Toward Formalizing LLM-Based Agent Designs through Structural Context Modeling and Semantic Dynamics Analysis
Haoyu Jia, Kento Kawaharazuka, Kei Okada

TL;DR
This paper introduces a formal model for analyzing LLM-based agents through structural context and semantic dynamics, enabling systematic design and comparison, and demonstrating significant performance improvements in complex tasks.
Contribution
It proposes the Structural Context Model and a semantic dynamics analysis workflow, providing a formal foundation and practical tools for LLM agent design and evaluation.
Findings
Achieved up to 32 percentage points improvement in success rate.
Demonstrated effectiveness on dynamic monkey-banana problem variants.

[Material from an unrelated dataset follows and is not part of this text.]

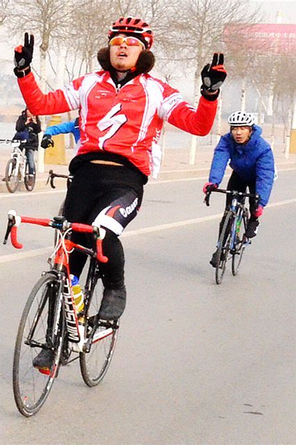 后来才知道,那俩一直想甩我们,所以动不动就突然加速,他们并不是怕后面追上,因为后面完全看不到人,他们就是想甩我和刘超然。路途中他们俩中的一个还突然跑到汽车道,就是不想让我们跟车,可是他们俩中的另一个没明白他的意思,无奈之下那个人又回来领骑了…………汗就是这样,跟上了第一集团,拿奖是很简单的事情。冲刺时候腿抽筋了,结果又被车了,啊那时候我的腿真是疼的不行啊啊。我连忙让他们放我下来。这时学姐说:我帮你压腿把学姐可是学医的……

Provided a formal framework for implementation-independent analysis.
Abstract
Current research on large language model (LLM) agents is fragmented: discussions of conceptual frameworks and methodological principles are frequently intertwined with low-level implementation details, causing both readers and authors to lose track amid a proliferation of superficially distinct concepts. We argue that this fragmentation largely stems from the absence of an analyzable, self-consistent formal model that enables implementation-independent characterization and comparison of LLM agents. To address this gap, we propose the \texttt{Structural Context Model}, a formal model for analyzing and comparing LLM agents from the perspective of context structure. Building upon this foundation, we introduce two complementary components that together span the full lifecycle of LLM agent research and development: (1) a declarative implementation framework; and (2) a sustainable agent…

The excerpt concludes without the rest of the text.